[ENTRIES SUPPLIED]:
::::

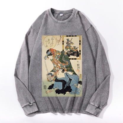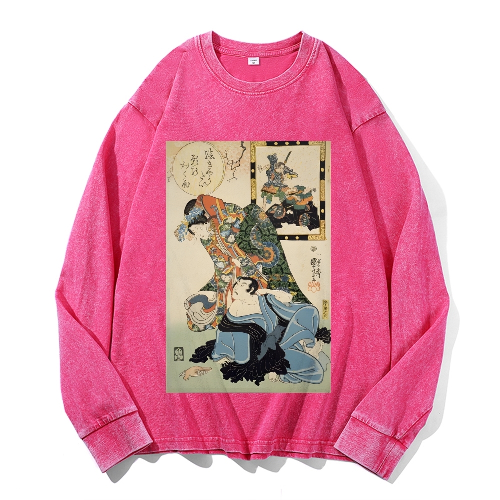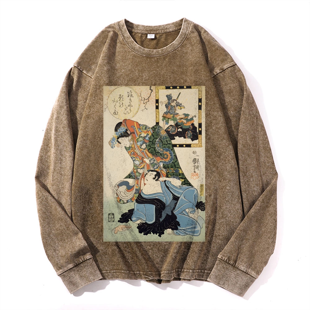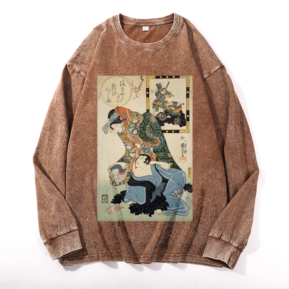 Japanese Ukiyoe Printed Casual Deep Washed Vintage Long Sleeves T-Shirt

::::

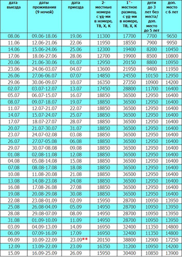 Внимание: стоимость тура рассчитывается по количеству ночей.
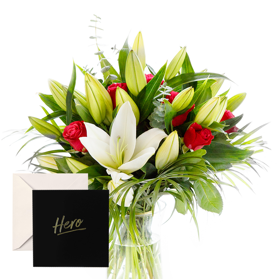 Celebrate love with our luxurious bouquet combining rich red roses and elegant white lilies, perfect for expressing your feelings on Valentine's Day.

::::

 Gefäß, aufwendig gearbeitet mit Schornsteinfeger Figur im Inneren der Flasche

::::

[EXERCISE REQUIREMENTS]: Everything from the line with "Внимание: стоимость тура" through the line with "Celebrate love with" in the material above should be transcribed exactly, except the pictures.

[TASK RESPONSE]:
 Внимание: стоимость тура рассчитывается по количеству ночей.
 Celebrate love with our luxurious bouquet combining rich red roses and elegant white lilies, perfect for expressing your feelings on Valentine's Day.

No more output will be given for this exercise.